Utricularia subulata L.
Slender Bladderwort, Zigzag Bladderwort
CC = 10
CW = -5
MOC = 5
SRank = S1
Family - Lentibulariaceae
Habit - Annual forb with slender stems, lacking true roots.
Stem - Slender, wiry, generally less than 10 cm long.
Leaves - Absent or few, 3-12 mm long, short-petiolate, entire, linear, slender to relatively stout, not flattened (circular in cross-section), mostly bluntly pointed at the tips.
Inflorescences - Racemes or single flowers, the stalk relatively slender, glabrous or sparsely appressed-hairy toward the base. Bracts 1-2 mm long, ovate to elliptic, peltate, more or less appressed to the axis, rounded to bluntly pointed at the ends.

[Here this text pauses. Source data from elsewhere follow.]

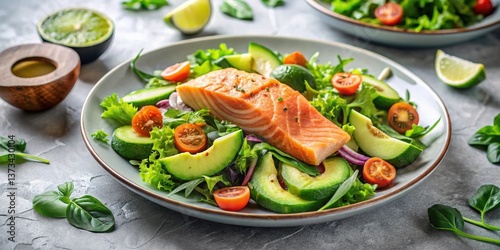 Delicious Grilled Salmon Salad with Fresh Avocado, Cherry Tomatoes, and Mixed Greens
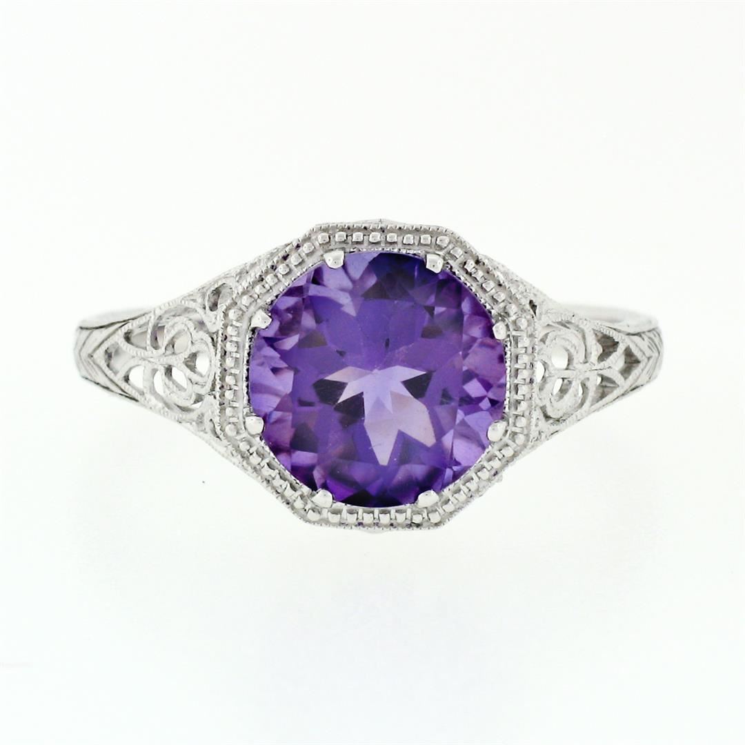 A new solid 14k white gold solitaire ring, with 1 round brilliant cut naural amethyst (8.12mm - 1.85ct). The ring is size 6.5, weighs a total of 2.20 grams, and measures 10.05mm wide.
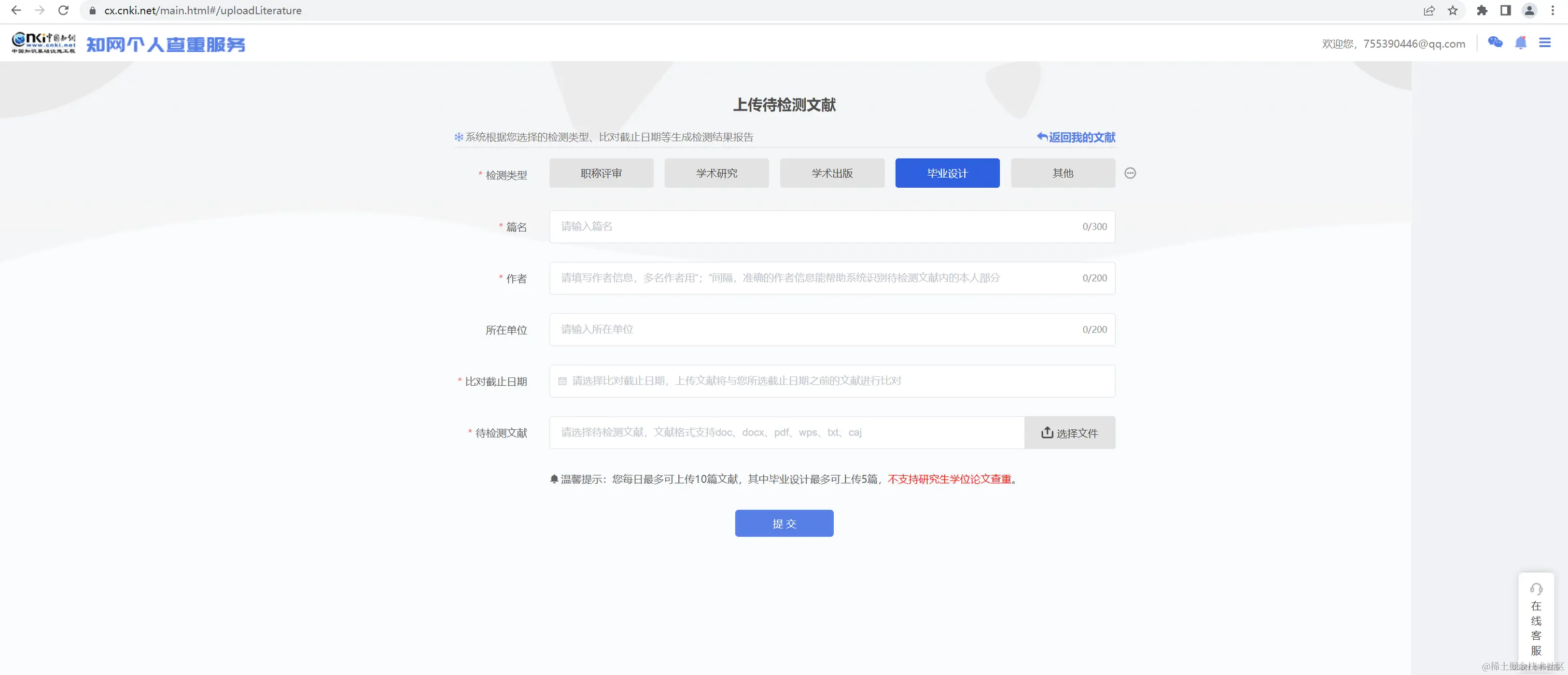 点击上传待检测文献,选择你所需要的内容,并上传你的论文

Flowers - Calyx lobes 1.0-1.5 mm long, broadly ovate to nearly circular, broadly rounded at the tip. Corollas (including the spur) 8-14 mm long, yellow, the upper lip noticeably smaller than the lower one, broadly ovate, entire; the lower lip broadly ovate-triangular, 3-lobed, the palate densely hairy, the spur (which is often appressed to the lower lip and thus difficult to observe) 2.5-6.0 mm long, narrowly conic-tubular, relatively slender and bluntly to sharply pointed (rarely minutely notched).
Fruits - Capsules 1.0-1.5 mm long, globose. Seeds 0.2-0.3 mm long, obovate, not winged, brown, the body with a reticulate pattern of low ridges.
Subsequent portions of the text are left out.